Consider the Capgras delusion: the belief that someone emotionally close to you, often a spouse, has been replaced by a complete stranger. Haydn Ellis, Andy Young and colleagues showed in 1997 that in patients with Capgras delusion their autonomic nervous systems do not respond much more strongly to familiar faces than to unfamiliar faces (much stronger response when a face is familiar is what is normally seen). So a patient expecting to have a strong autonomic response when he sees someone who looks exactly like his wife will not have this experience. What could explain this strange and unexpected (absence of) experience? Well, suppose that this person was not the wife but some complete stranger: that hypothesis would explain the absence of the experience. That’s how James or Maher would explain Capgras delusion using their one-factor theory. But this explanation can’t be correct, because patients with damage to ventromedial regions of frontal lobe also do not respond much more strongly to familiar faces than to unfamiliar faces; yet they are not delusional. They are able to avoid adopting as a belief the hypothesis “This is not my wife”. Capgras patients can’t avoid this, and we infer that this is the case because in the Capgras patients a second factor is present, an impairment of the normal processes of belief evaluation.

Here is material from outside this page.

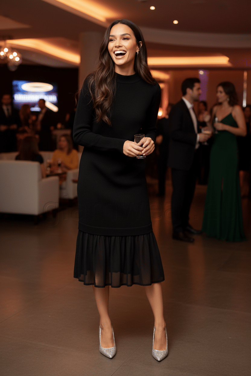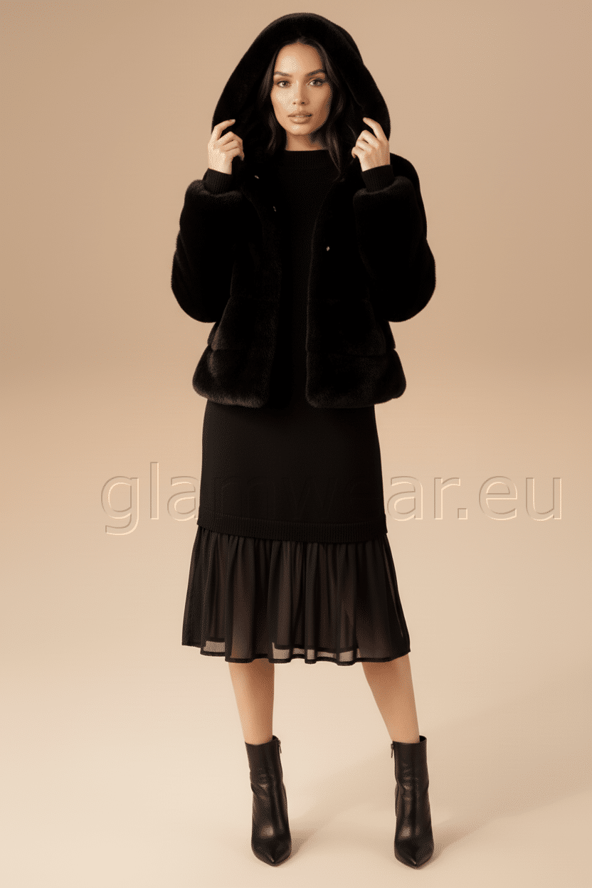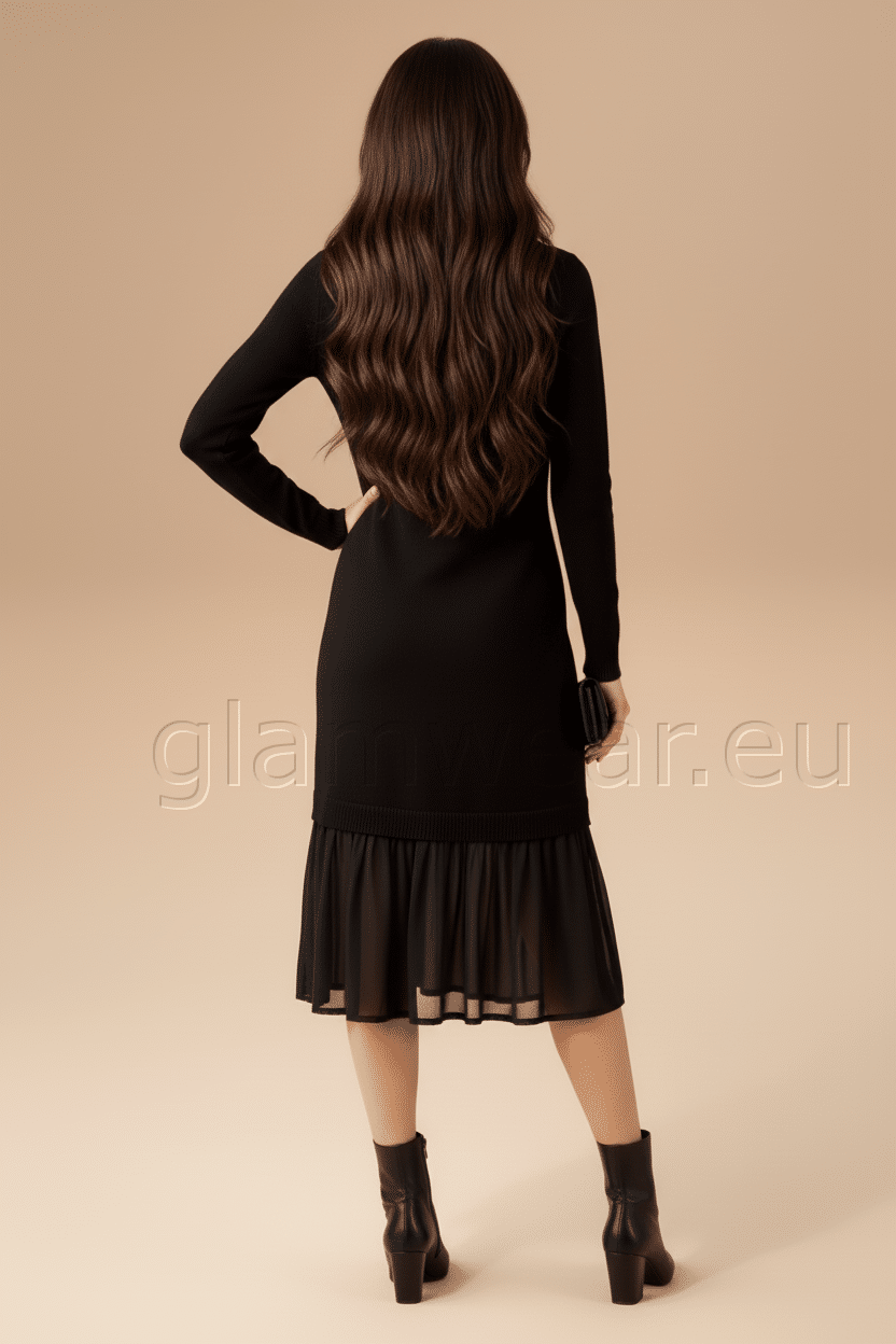Aniston šifoonist alläärega kudumkleit. Püstkraega, pikkade raglaanvarrukatega, šifoonvoltidega allääres, pehmest peenest koest, materjal: 52% viskoos, 26% polüester, 22% polüamiid. Alläär: 100% polüester. Värvitoon: must.

The general form of the analysis illustrated above is one we have applied to the explanation of a variety of delusions. It runs like this. First, ask Question 1 (what caused the idea that is the content of the delusion to first come to the deluded person’s mind?). Hope to identify such a potential cause. Then seek evidence from the neuropsychological literature for the existence of patients in whom precisely this cause is present but who are not delusional.  Then claim that what distinguishes the delusional from the nondelusional patients is that the delusional patients have a second impairment, an impairment of the belief evaluation system; this impairment prevents them from using evidence that would prevent them from accepting the belief, i.e. evidence that if used would prevent them from becoming delusional.

Some independent criterion that would support the claim that an impairment of the belief evaluation system characterises all patients with delusions is needed. One approach we have taken here is to point to various pieces of evidence suggesting an association between an impairment of the belief evaluation system and damage to the right dorsolateral prefrontal cortex.

But that’s for another blog post. And so is the topic of hypnotic induction of delusional belief: we work on that with Amanda Barnier, Rochelle Cox and their hypnosis research group.